The amount of light can be reduced to half when f2 is selected.

[0021]

As described above, according to the present invention,
According to the first aspect of the present invention, when the light amount of the semiconductor laser is sampled as the charged potential of the hosed capacitor to perform the automatic light amount control of the semiconductor laser, the rise time of the hold capacitor potential at the time of sampling, and / or Since the discharge characteristics of the hold capacitor in the hold mode are detected and the capacitance of the hold capacitor is selected in accordance with the detection, the light quantity of the semiconductor laser is not detected small, and therefore the semiconductor laser is not detected. A decrease in the amount of laser light is prevented, and a high-quality image can be obtained.

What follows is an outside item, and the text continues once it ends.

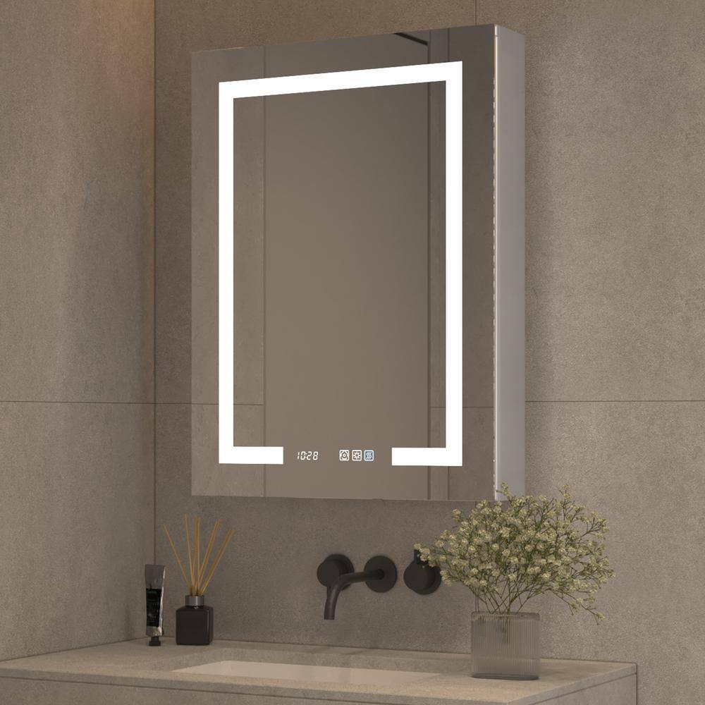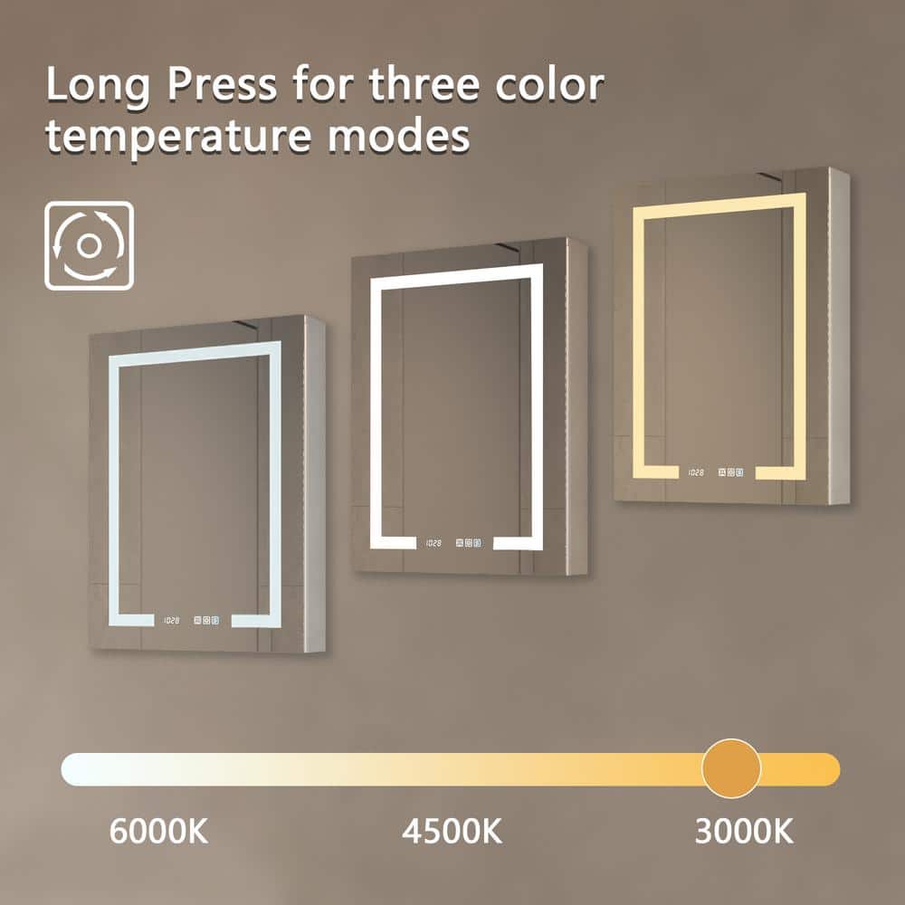 Elevate your bathroom storage with this sleek aluminum medicine cabinet featuring a mirrored door. Perfect for space-savvy setups, this cabinet integrates style and functionality with adjustable shelves and LED lighting. It's designed for easy installation and offers a defogging feature to ensure perfect clarity each morning.

According to the second aspect of the present invention, when performing automatic light amount control of the semiconductor laser by sampling the light amount of the semiconductor laser as the charge potential of the hold capacitor, the rise time of the hold capacitor potential at the time of sampling. And / or the discharge characteristic of the hold capacitor in the hold mode is detected, and the automatic light control time or the hold capacitor capacity and the automatic light control time are selected. The same effect as described above, or a higher effect can be obtained. According to the third aspect of the present invention, in the first aspect or the second aspect,
In the image forming apparatus described above, since the light amount is switched according to the pixel density, a high-quality image can be obtained even if the pixel density differs.

[Brief description of the drawings]

FIG. 1 is a configuration diagram of a main part of an image forming apparatus showing an embodiment of the present invention.

FIG. 2 is a circuit diagram of a main part of an image forming apparatus control system showing an embodiment of the present invention.

FIG. 3 is a block diagram of a main part of an image forming apparatus control system according to an embodiment of the present invention.

FIG. 4 is a timing chart of a main part of the image forming apparatus showing one embodiment of the present invention.

FIG. 5 is an operation flowchart of the main part of the image forming apparatus showing one embodiment of the present invention.

FIG. 6 is another operation flowchart of the main part of the image forming apparatus showing one embodiment of the present invention.

FIG. 7 is another timing chart of the main part of the image forming apparatus showing one embodiment of the present invention.

[Explanation of symbols]

 DESCRIPTION OF SYMBOLS 1 Semiconductor laser 4 Polygon scanner 6 Photoconductor 7 Synchronous detection element 8 Comparator 10 A / D converter

Claims (3)

[Claims] 1. An image forming apparatus for forming a latent image on a photosensitive member by scanning a laser beam, wherein a monitor current detected by a light amount detecting element provided near a semiconductor laser is charged to a charged potential of a hosed capacitor. In the image forming apparatus which performs automatic light amount control of the semiconductor laser by sampling as above, the rise time of the hold capacitor potential at the time of sampling and / or the discharge characteristic of the hold capacitor during the hold mode are detected. An image forming apparatus wherein the hold capacitor capacity is selected. 2. An image forming apparatus for forming a latent image on a photosensitive member by scanning a laser beam, wherein a monitor current detected by a light amount detecting element provided near a semiconductor laser is used as a charge potential of a hold capacitor. In an image forming apparatus for performing automatic light amount control of the semiconductor laser by sampling, a rise time of a hold capacitor potential at the time of sampling and / or a discharge characteristic of the hold capacitor at a hold mode are detected. Automatic light control time or
An image forming apparatus configured to select a capacitor and an automatic light amount control time. 3. The image forming apparatus according to claim 1, wherein a light amount is switched according to a pixel density.